Lines before the one holding "apartment in NYC." are not wanted. Please copy that line and everything after it to the end of the records, exactly, skipping pictures.

SOURCE INFORMATION:
================

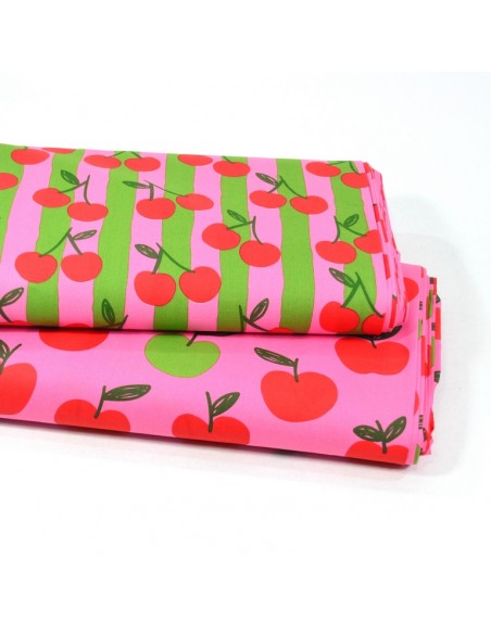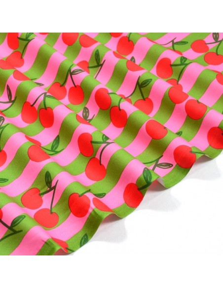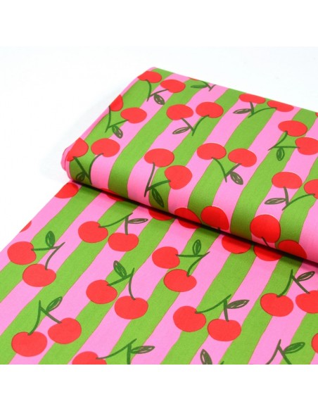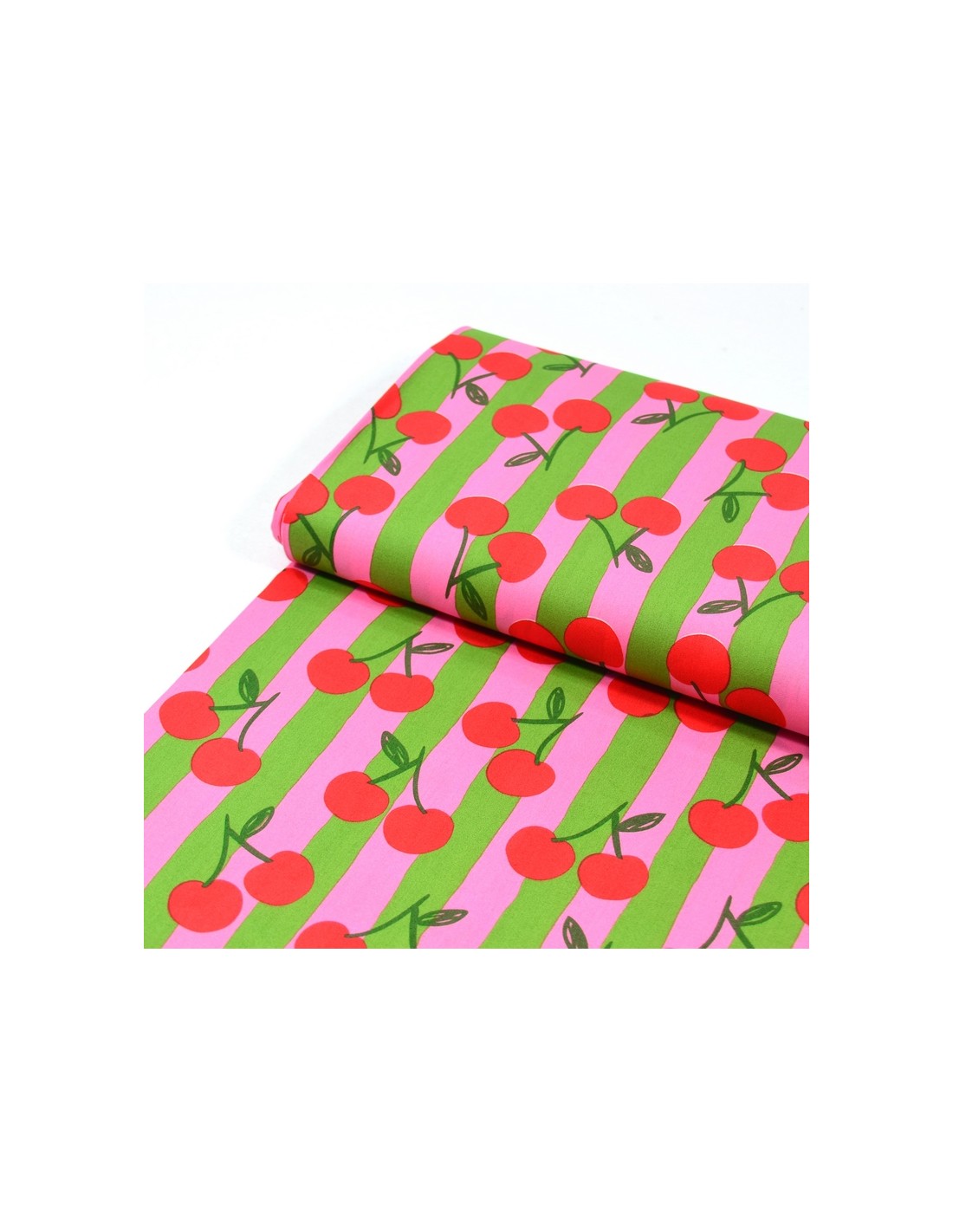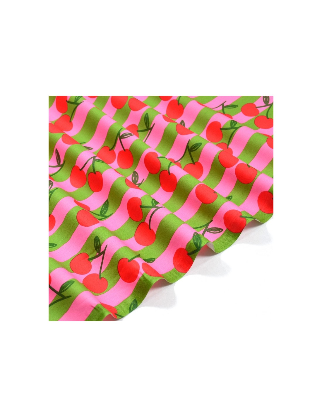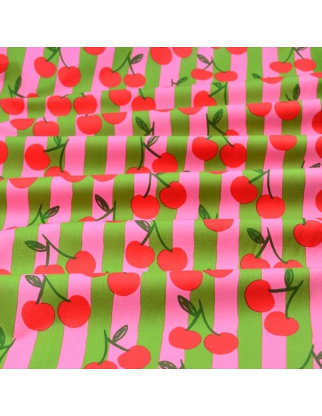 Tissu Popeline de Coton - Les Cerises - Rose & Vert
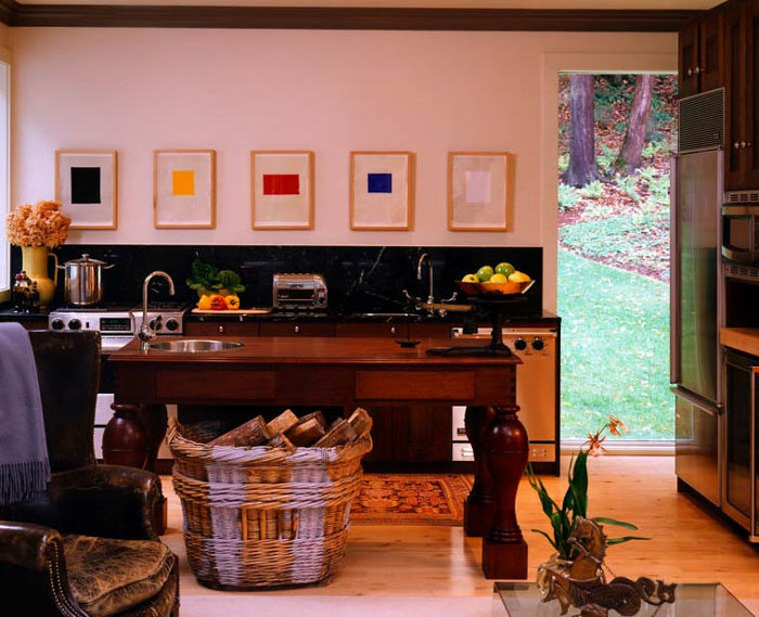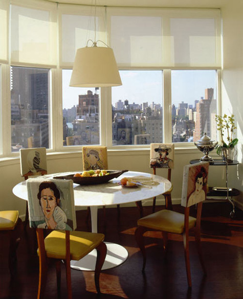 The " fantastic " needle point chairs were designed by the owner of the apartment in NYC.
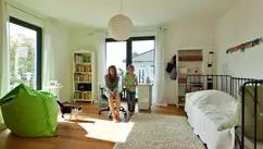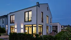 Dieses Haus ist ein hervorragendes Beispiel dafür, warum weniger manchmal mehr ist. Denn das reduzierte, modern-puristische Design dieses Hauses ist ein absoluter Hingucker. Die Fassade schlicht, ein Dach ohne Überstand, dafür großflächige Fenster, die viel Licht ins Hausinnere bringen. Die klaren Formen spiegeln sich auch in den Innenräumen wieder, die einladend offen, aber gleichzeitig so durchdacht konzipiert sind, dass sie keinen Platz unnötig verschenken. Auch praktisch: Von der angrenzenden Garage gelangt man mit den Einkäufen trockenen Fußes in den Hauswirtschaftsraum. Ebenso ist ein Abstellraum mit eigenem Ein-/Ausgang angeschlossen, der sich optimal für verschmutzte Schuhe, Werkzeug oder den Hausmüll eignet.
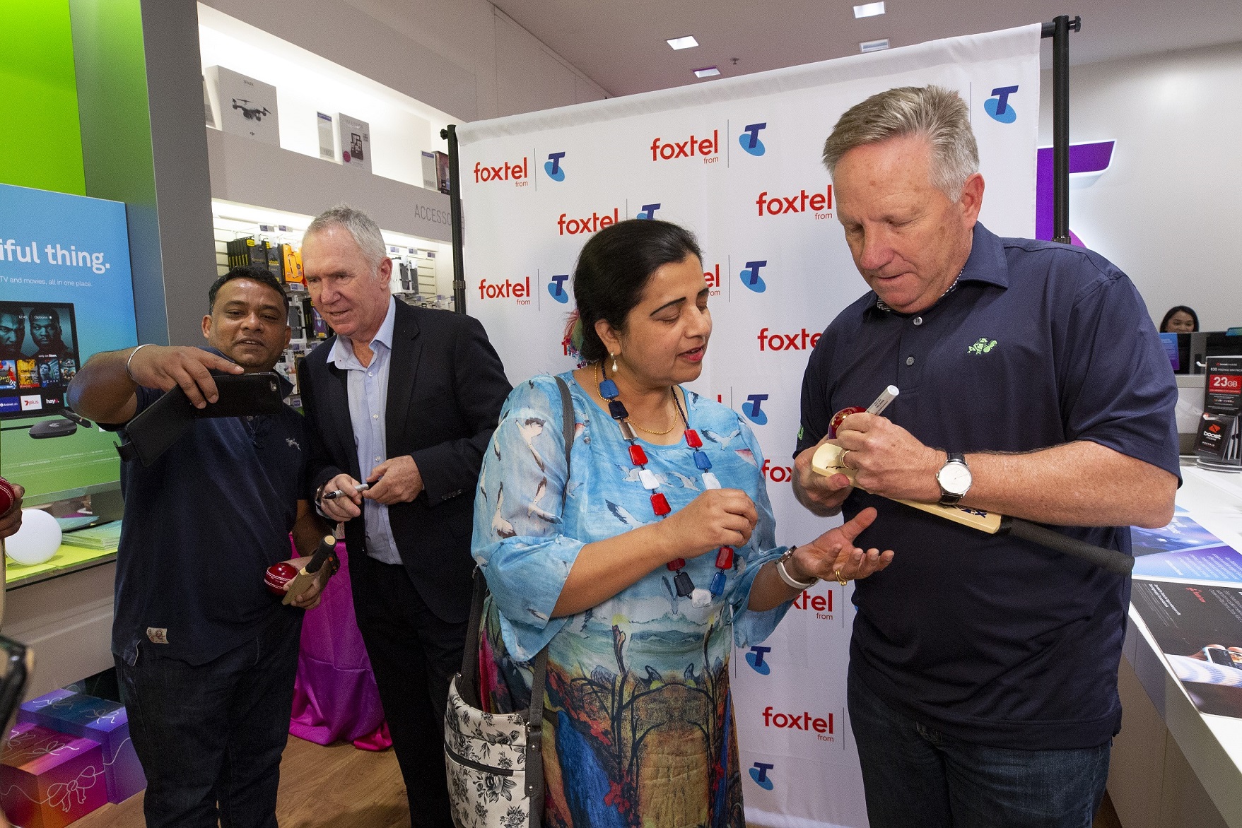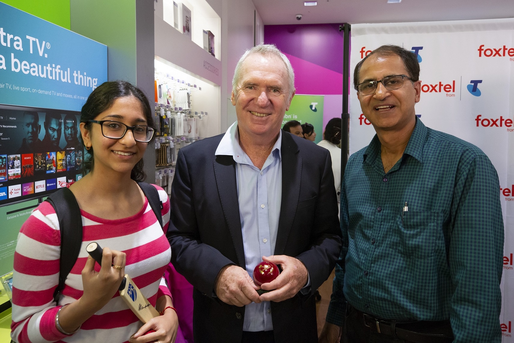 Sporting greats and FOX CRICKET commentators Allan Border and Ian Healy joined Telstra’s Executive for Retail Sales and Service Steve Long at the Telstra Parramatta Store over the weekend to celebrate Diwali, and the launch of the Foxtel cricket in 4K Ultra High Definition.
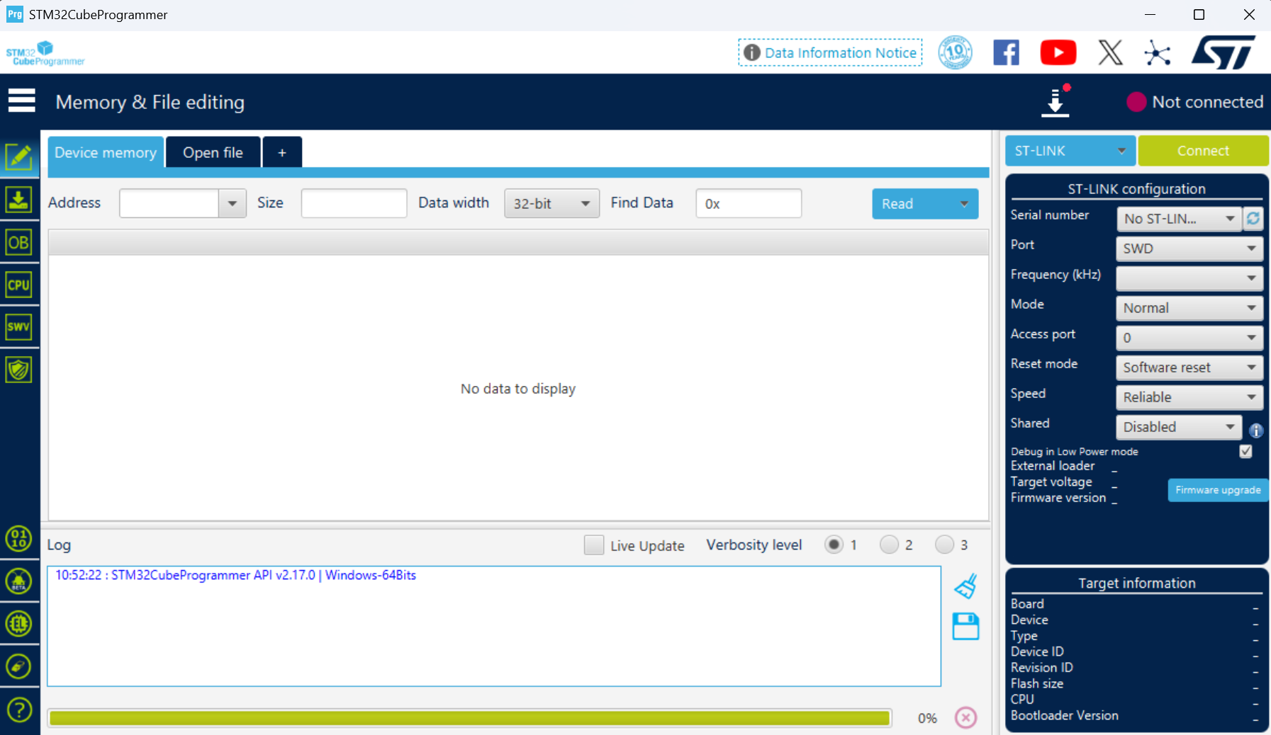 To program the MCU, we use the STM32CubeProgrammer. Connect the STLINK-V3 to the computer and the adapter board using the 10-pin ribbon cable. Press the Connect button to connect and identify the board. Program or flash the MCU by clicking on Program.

================

REPLY:
 The " fantastic " needle point chairs were designed by the owner of the apartment in NYC.
 Dieses Haus ist ein hervorragendes Beispiel dafür, warum weniger manchmal mehr ist. Denn das reduzierte, modern-puristische Design dieses Hauses ist ein absoluter Hingucker. Die Fassade schlicht, ein Dach ohne Überstand, dafür großflächige Fenster, die viel Licht ins Hausinnere bringen. Die klaren Formen spiegeln sich auch in den Innenräumen wieder, die einladend offen, aber gleichzeitig so durchdacht konzipiert sind, dass sie keinen Platz unnötig verschenken. Auch praktisch: Von der angrenzenden Garage gelangt man mit den Einkäufen trockenen Fußes in den Hauswirtschaftsraum. Ebenso ist ein Abstellraum mit eigenem Ein-/Ausgang angeschlossen, der sich optimal für verschmutzte Schuhe, Werkzeug oder den Hausmüll eignet.
 Sporting greats and FOX CRICKET commentators Allan Border and Ian Healy joined Telstra’s Executive for Retail Sales and Service Steve Long at the Telstra Parramatta Store over the weekend to celebrate Diwali, and the launch of the Foxtel cricket in 4K Ultra High Definition.
 To program the MCU, we use the STM32CubeProgrammer. Connect the STLINK-V3 to the computer and the adapter board using the 10-pin ribbon cable. Press the Connect button to connect and identify the board. Program or flash the MCU by clicking on Program.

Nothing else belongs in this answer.